Child -> Parent relationships between devices and email

Hey all, new user to The Dude and I am amazed by how powerful it is already. Keep up the great work!

Now on to my issue. My department manages large hotel network installations, usually consisting of one or two guest routers and between 10 and 100 access points. At my previous employer, we used Intermapper which also allowed for the parent → child relationships to help control the amount of emails that are sent when the main modem/router/etc goes down. Right now at one of our bigger properties (30+ APs), the Charter cable modem goes down, thus the Mikrotik, and all APs are inaccessible. The Dude then proceeds to send out emails for all services on all child devices of the cable modem, essentially making the email notifications useless. All APs have their parent set to the Mikrotik, which in turn is parented to the cable modem.

Anyone have any strategies to try and avoid this. One thing I tried was to adjust the polling intervals on all child devices to 2 minutes and interval on primary devices to 20 - 30 seconds. This was done in the hope of making sure The Dude realizes the modem is down BEFORE realizing any of the cable modems are down.

Intermapper handled this situation by introducing a delay option to notifications. You could set the delay to a few minutes and even if Intermapper found that the child device was down before its parent, it would wait the “delay” amount of time before sending any email, thus giving Intermapper time to discover that the parent is down.

Any thoughts on mimicking this functionality?

Thanks!

There is a dependency setup, check top right corner switch from layer link to layer dependency. Draw your dependencies…

I have not used this feature.

The dependency layer simply shows me the child → parent relationships I’ve already defined using the “parent” field in device settings.
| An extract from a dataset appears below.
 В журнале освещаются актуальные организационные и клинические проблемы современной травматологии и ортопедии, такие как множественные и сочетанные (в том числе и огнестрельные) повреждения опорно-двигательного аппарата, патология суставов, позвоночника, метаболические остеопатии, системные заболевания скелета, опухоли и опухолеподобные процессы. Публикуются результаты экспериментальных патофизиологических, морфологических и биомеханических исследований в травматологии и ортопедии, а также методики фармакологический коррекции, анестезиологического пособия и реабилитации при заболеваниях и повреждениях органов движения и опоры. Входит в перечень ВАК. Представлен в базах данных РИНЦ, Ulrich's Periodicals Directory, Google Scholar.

The problem occurs when The Dude finds the access points down before the modem or guest router.

Nice, just thought you missed something… uhh damn :frowning: So there are serious issues using the default negative cache times. I found that having a higher cache time than negative cache time is very beneficial when dealing with false positives as well. The underlying issue is how long you wait to send the first email and the fact that negative cache time is 300 seconds. Since a failed ping will cause a device to be down for 5 minutes due to negative cache time you have to delay the first email to at least a little longer than that for the dude to have a chance to clean up the mess before sending it out.

AND there is a bug-feature as well, a single failed SNMP read registers in negative cache time for 300 seconds and the device will be down for 300 seconds. It seems subsequent SNMP polling will not be paid attention to(which seems like odd behavior). So I highly recommend forcing all functions and probes to have a low negative cache time ~10 and lower than the probe interval. Which makes negative cache time unused? I digress…
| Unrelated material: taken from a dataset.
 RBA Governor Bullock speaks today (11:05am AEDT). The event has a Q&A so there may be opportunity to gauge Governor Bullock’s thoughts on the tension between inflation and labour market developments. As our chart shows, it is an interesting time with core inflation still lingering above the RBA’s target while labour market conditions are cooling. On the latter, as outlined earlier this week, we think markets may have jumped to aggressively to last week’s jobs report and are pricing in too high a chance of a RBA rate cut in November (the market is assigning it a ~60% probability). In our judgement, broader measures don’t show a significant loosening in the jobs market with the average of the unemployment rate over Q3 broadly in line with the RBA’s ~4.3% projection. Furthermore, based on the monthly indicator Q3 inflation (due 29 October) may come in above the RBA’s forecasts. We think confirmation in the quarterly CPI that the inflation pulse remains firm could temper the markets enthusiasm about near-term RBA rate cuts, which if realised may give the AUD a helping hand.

So before doing anything set the email delay to 15 minutes and test break the router to see if the dude is smart enough to clear out all incorrect emails if the delay is high enough. Then if that works go fix all the functions and probes and set your email to 3 minutes?

GL
Lebowski

Thanks for the tip! To be honest I didn’t even realize there was a delay option for notifications. I don’t know how I missed it but I’m playing around with it now.

Thanks again!